- [Assignment] Only the lines below from the one that contains "She revealed in" through the one that contains "Эвакуатор77 по адресу" should appear in your answer, exact and without pictures.

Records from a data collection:

####################

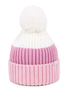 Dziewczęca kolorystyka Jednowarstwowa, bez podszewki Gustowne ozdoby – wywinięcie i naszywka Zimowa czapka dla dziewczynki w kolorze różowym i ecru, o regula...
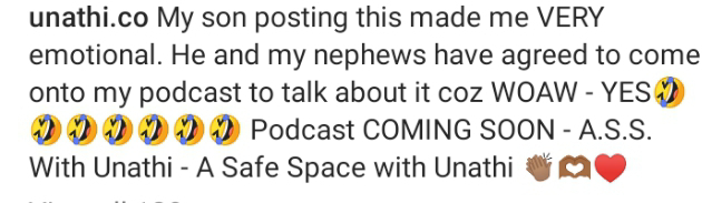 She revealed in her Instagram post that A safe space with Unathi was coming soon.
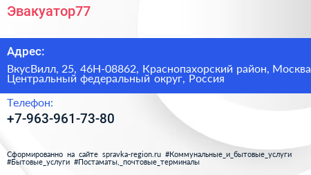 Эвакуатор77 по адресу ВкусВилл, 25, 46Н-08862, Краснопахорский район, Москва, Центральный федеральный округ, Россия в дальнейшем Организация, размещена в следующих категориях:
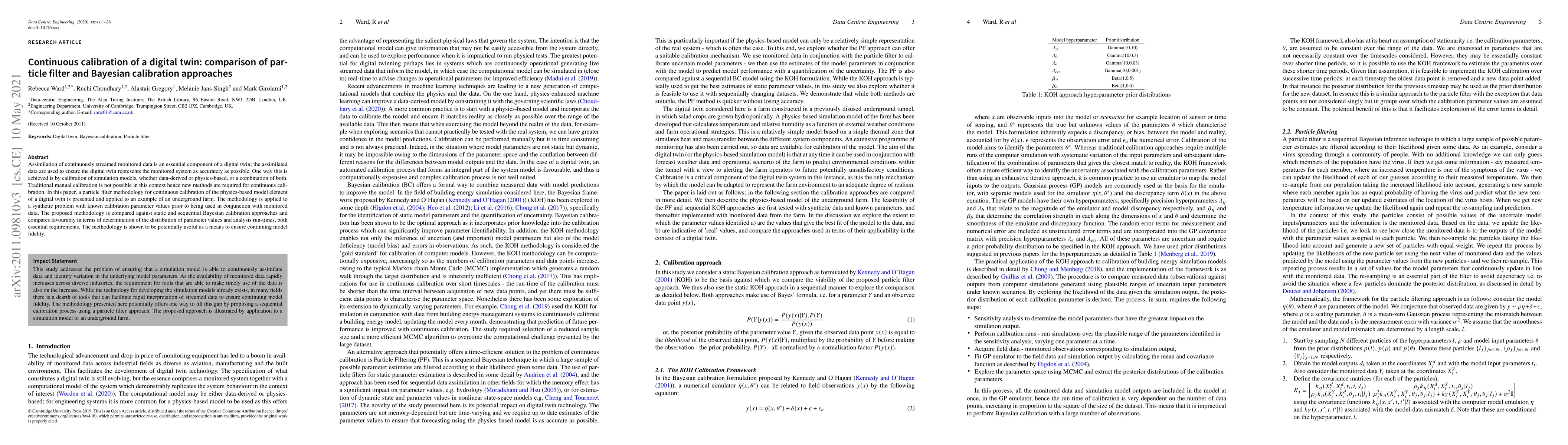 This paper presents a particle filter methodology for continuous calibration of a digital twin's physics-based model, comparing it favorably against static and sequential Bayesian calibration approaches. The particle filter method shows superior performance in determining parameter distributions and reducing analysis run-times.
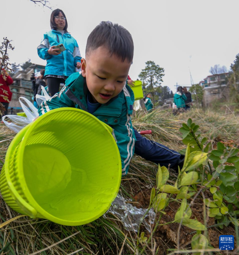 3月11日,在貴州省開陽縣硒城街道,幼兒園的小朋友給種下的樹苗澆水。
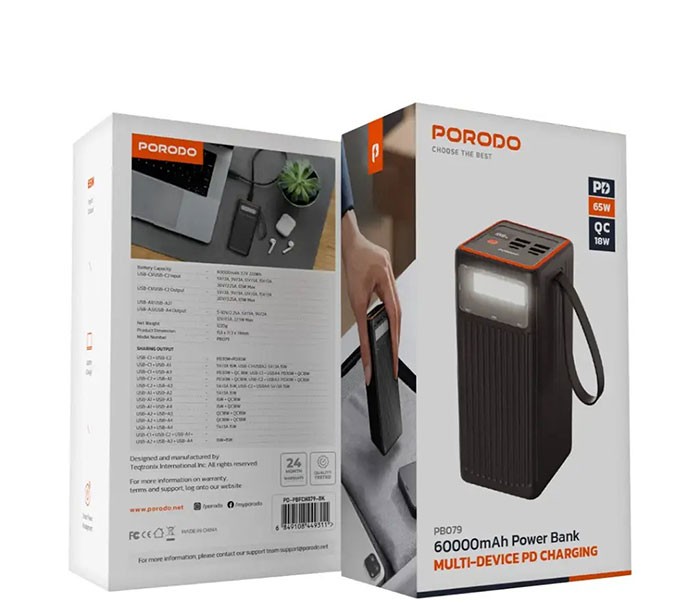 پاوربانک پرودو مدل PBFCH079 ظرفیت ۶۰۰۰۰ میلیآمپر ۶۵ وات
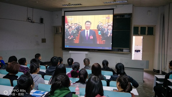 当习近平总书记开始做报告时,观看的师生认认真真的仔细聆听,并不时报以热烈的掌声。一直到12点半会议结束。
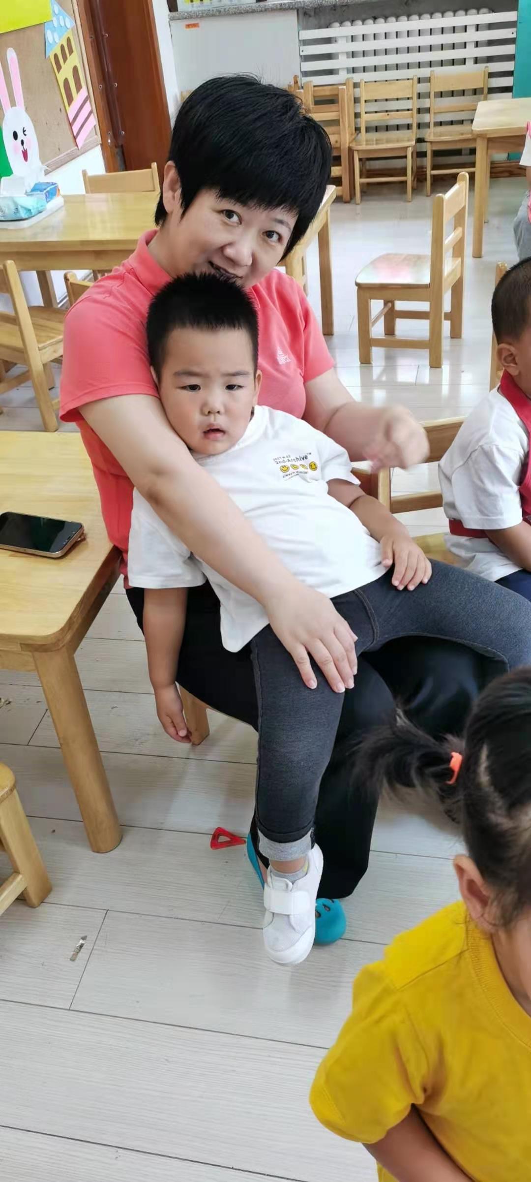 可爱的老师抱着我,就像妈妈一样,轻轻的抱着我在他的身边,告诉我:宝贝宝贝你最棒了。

####################

- [Solution to this problem]
 She revealed in her Instagram post that A safe space with Unathi was coming soon.
 Эвакуатор77 по адресу ВкусВилл, 25, 46Н-08862, Краснопахорский район, Москва, Центральный федеральный округ, Россия в дальнейшем Организация, размещена в следующих категориях:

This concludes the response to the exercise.